You're allowed to do that, once you've activated writeable pagetable mode. Your Xen 3.0 release will then do something like the following:
1) verify that you're writing to an L1 pagetable, and unhook from its parent
L2 table 2) make the page writeable so that the write can succeed
The guest will run for a bit and may now issue further writes without trapping into Xen. If the guest tries to access a virtual memory address within the
range covered by that L1 table then it'll cause a fault during the translation process. This will trap back into Xen, which will:
3) notice that the fault was caused by a pagetable unhooking of the writeable
pagetable code 4) the page is made read only again, and all the changes in that pagetable are revalidated at once. 5) the L1 page is hooked back into the pagetable structure 6) the faulting instruction in the guest is retried; it should now succeed
This process makes it possible for a guest to get the illusion of writing directly to the pagetables but also to benefit from batching of update operations when many changes to the pagetables are being made.
More recent versions of Xen provide the same interface to the guest, but implement a trap-and-emulate approach: Xen traps the write faults and individually validates each attempt to update the pagetables before updating
them on behalf of the guest. This is faster in the common case of the guest making a small number of updates. The guest can use the explicit batching interface when it wants to update a larger range.

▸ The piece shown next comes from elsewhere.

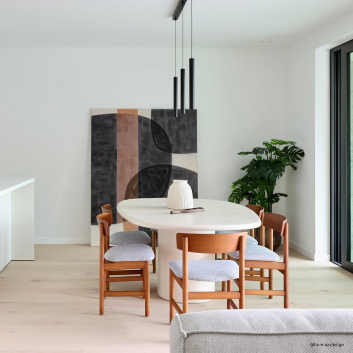 Dining tables with an organic shape steal the show in interior design. From Wabi-Sabi to Japandi, to a combination with vintage, the organic shapes can find a place in any interior. Thanks to microskin, the table looks both tough, robust, and elegant.
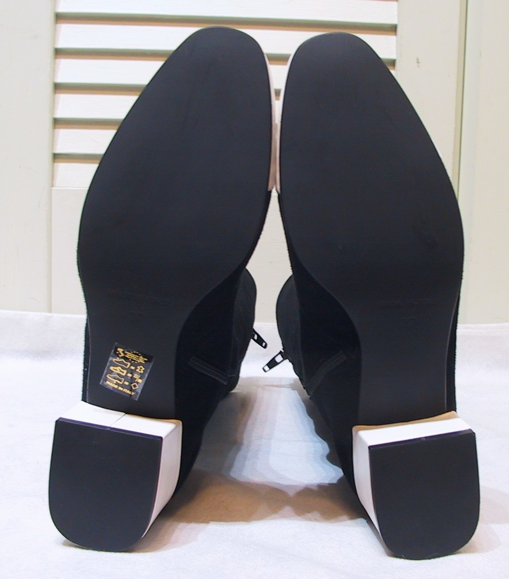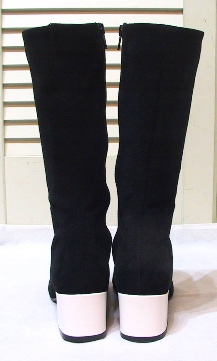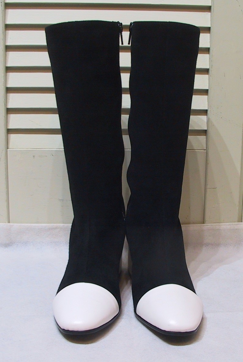 GIANNI DEL PRETE/ジャンニデルプレーテ、本革レザーxスエード(黒部分はスエード、白部分はレザー)、ロングブーツ/セミロングブーツ、内側フルジップUP、色は黒x白、インソールクッション入り、イタリア製です。新品未使用展示品です。サイズ:37/23.5㎝、ヒールの高さ5.5㎝、アウトソール最大幅7.8㎝、ブーツの高さ33㎝、筒周り33㎝、足首周り25㎝。送料は1440円(北海道2040円、沖縄は1810円)になります。値下しました!

I hope this helps clarify things a bit.
Yep. That clears a lot of stuff. I'll just use a hypercall to update page table entries and not write to them directly.
If you don't mind me asking, why are you using such an old version of Xen? Well, we are building a research OS at our university and the reasons for choosing xen-3.0 are really trivial. Like say - this version installs from binary (debian package) without PAE support. (we don't want to deal with 3-level page tables at this point to keep things simple for one; and then we are going to move to 64-bit anyway after this initial prototype). I could compile newer versions without PAE; I am just being lazy. We're not punting on efficiency at this time. Anything that works is fine for us.
thanks, satya.
Cheers, Mark
-- Dave: Just a question. What use is a unicyle with no seat? And no pedals! Mark: To answer a question with a question: What use is a skateboard? Dave: Skateboards have wheels. Mark: My wheel has a wheel!